Collection entries
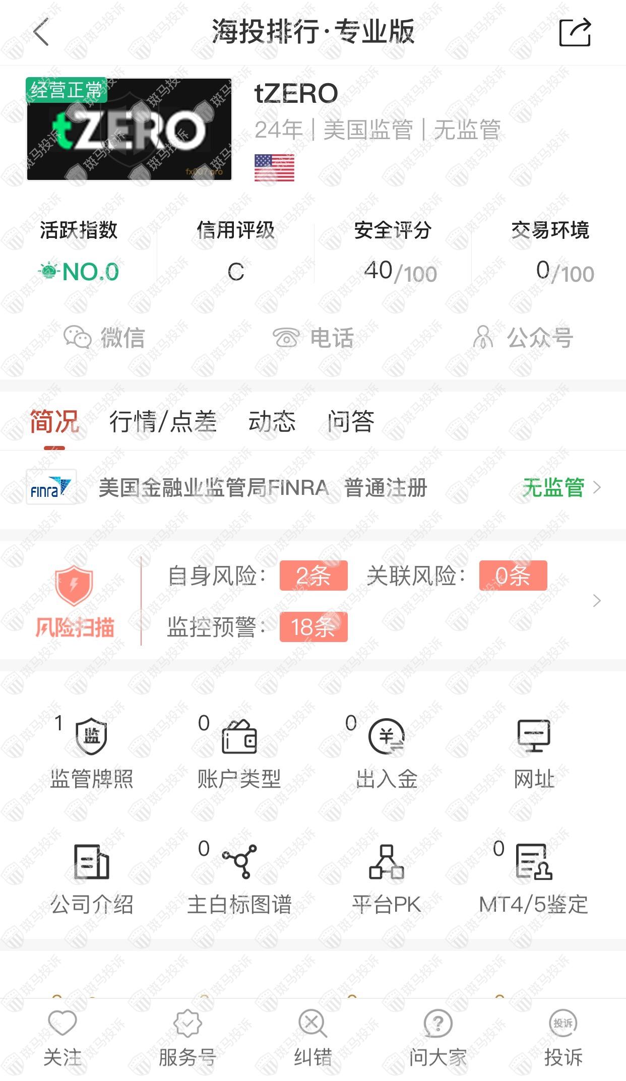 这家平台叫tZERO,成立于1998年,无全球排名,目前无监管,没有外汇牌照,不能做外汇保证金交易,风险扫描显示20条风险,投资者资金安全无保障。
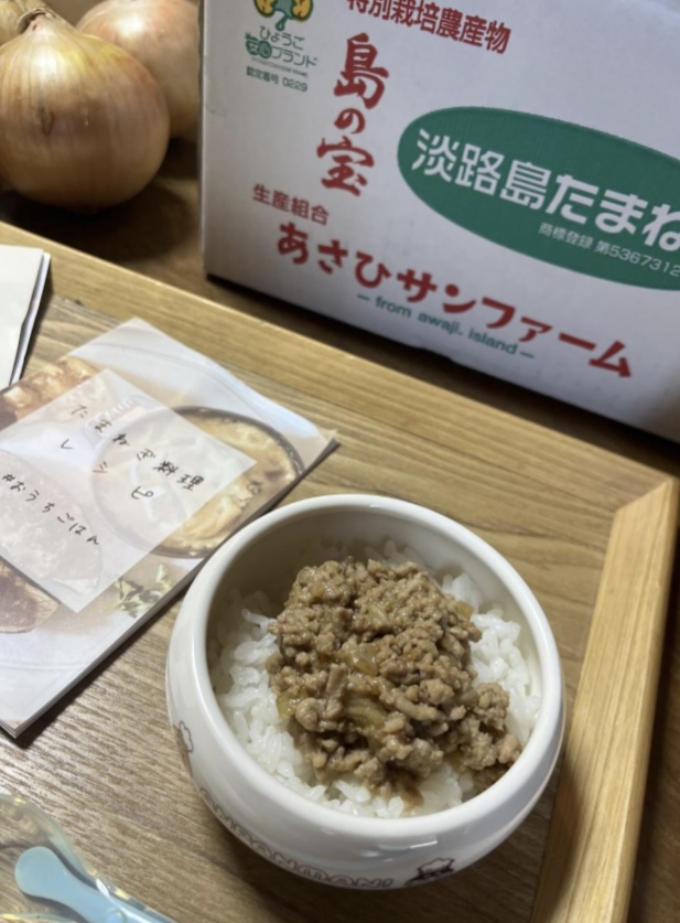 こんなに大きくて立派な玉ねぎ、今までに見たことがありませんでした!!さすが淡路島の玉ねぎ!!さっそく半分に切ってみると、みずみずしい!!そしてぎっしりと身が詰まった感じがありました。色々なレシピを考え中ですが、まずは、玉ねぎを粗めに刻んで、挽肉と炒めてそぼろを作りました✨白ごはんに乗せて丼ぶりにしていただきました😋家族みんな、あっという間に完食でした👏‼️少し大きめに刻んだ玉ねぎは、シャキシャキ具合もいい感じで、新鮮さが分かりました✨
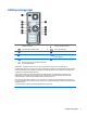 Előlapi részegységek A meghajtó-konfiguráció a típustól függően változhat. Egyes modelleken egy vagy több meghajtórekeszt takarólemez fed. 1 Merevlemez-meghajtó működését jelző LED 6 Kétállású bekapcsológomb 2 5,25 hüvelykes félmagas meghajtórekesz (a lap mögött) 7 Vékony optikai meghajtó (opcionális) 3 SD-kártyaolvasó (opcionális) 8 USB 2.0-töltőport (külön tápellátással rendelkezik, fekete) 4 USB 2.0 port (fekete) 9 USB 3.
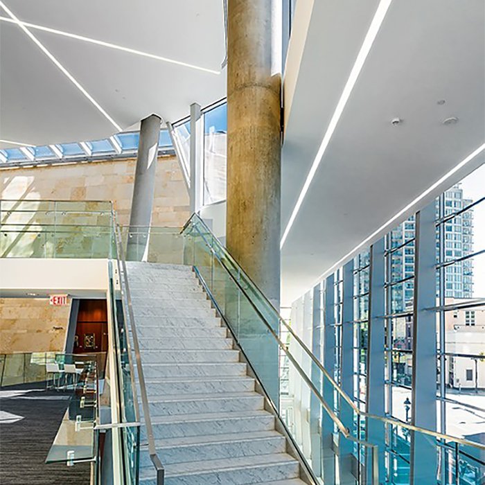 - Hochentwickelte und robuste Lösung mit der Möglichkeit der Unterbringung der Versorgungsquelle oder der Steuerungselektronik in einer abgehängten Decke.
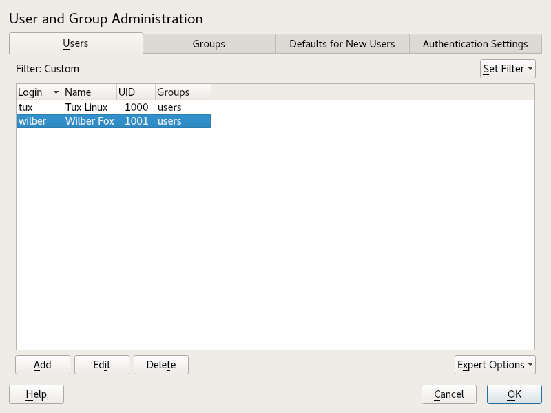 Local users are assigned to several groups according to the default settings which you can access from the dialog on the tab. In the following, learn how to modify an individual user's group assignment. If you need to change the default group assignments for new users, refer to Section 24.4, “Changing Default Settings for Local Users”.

---

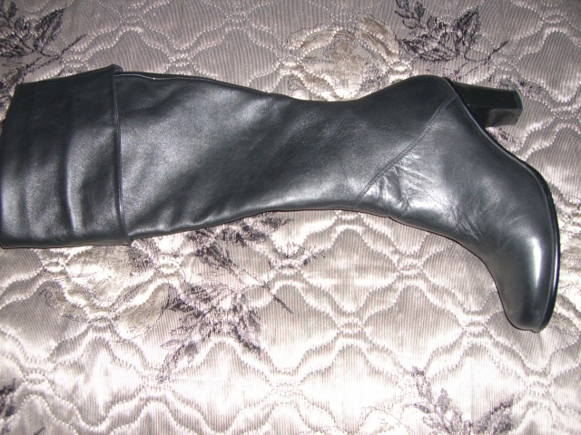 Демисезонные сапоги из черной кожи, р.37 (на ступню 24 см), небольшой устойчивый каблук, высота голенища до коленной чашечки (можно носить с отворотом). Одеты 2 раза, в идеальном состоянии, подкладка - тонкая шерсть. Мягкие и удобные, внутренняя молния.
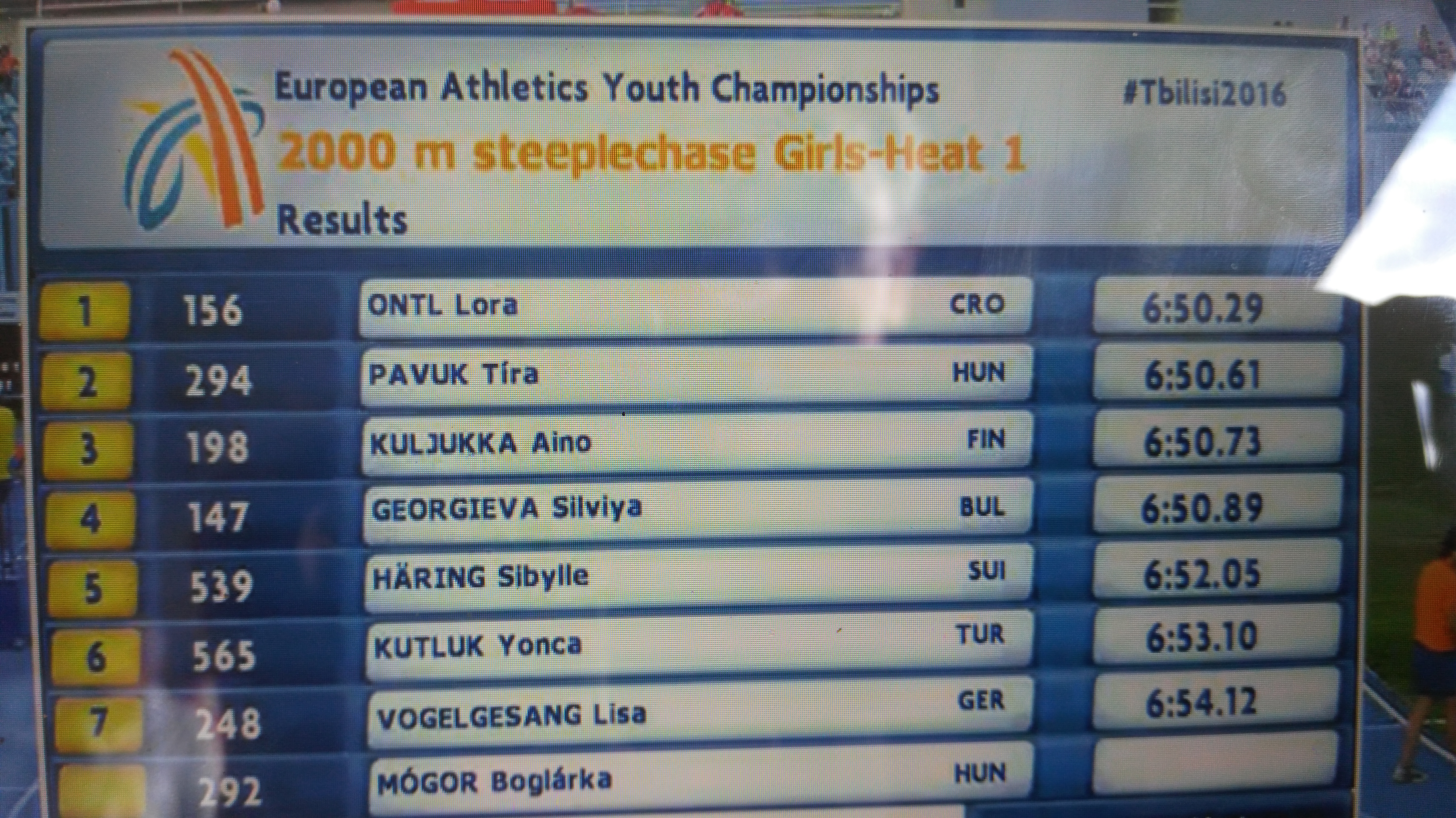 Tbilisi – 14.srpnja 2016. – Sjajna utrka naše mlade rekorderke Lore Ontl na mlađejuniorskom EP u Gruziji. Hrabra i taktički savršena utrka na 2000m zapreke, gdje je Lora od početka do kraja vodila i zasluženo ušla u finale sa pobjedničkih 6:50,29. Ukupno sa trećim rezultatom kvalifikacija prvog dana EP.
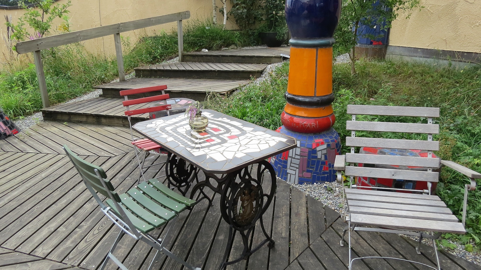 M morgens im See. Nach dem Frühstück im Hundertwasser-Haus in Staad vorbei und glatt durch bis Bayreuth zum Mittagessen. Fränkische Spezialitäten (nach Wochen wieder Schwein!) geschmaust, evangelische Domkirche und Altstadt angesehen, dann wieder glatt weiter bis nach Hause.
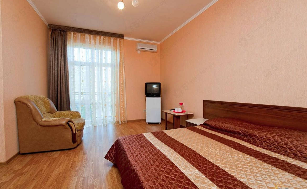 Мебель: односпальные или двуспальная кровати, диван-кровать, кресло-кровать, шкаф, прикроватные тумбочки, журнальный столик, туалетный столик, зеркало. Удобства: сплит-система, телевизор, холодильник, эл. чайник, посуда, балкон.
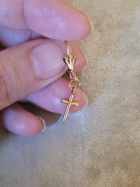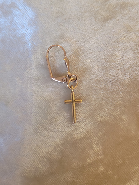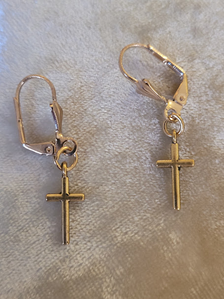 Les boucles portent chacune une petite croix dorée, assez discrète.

» WHAT THIS TASK INVOLVES: The answer should consist only of the lines above from the one with "Мебель: односпальные или" through the one with "Les boucles portent", repeated exactly, with no pictures among them.

» RESPONSE BELOW:
 Мебель: односпальные или двуспальная кровати, диван-кровать, кресло-кровать, шкаф, прикроватные тумбочки, журнальный столик, туалетный столик, зеркало. Удобства: сплит-система, телевизор, холодильник, эл. чайник, посуда, балкон.
 Les boucles portent chacune une petite croix dorée, assez discrète.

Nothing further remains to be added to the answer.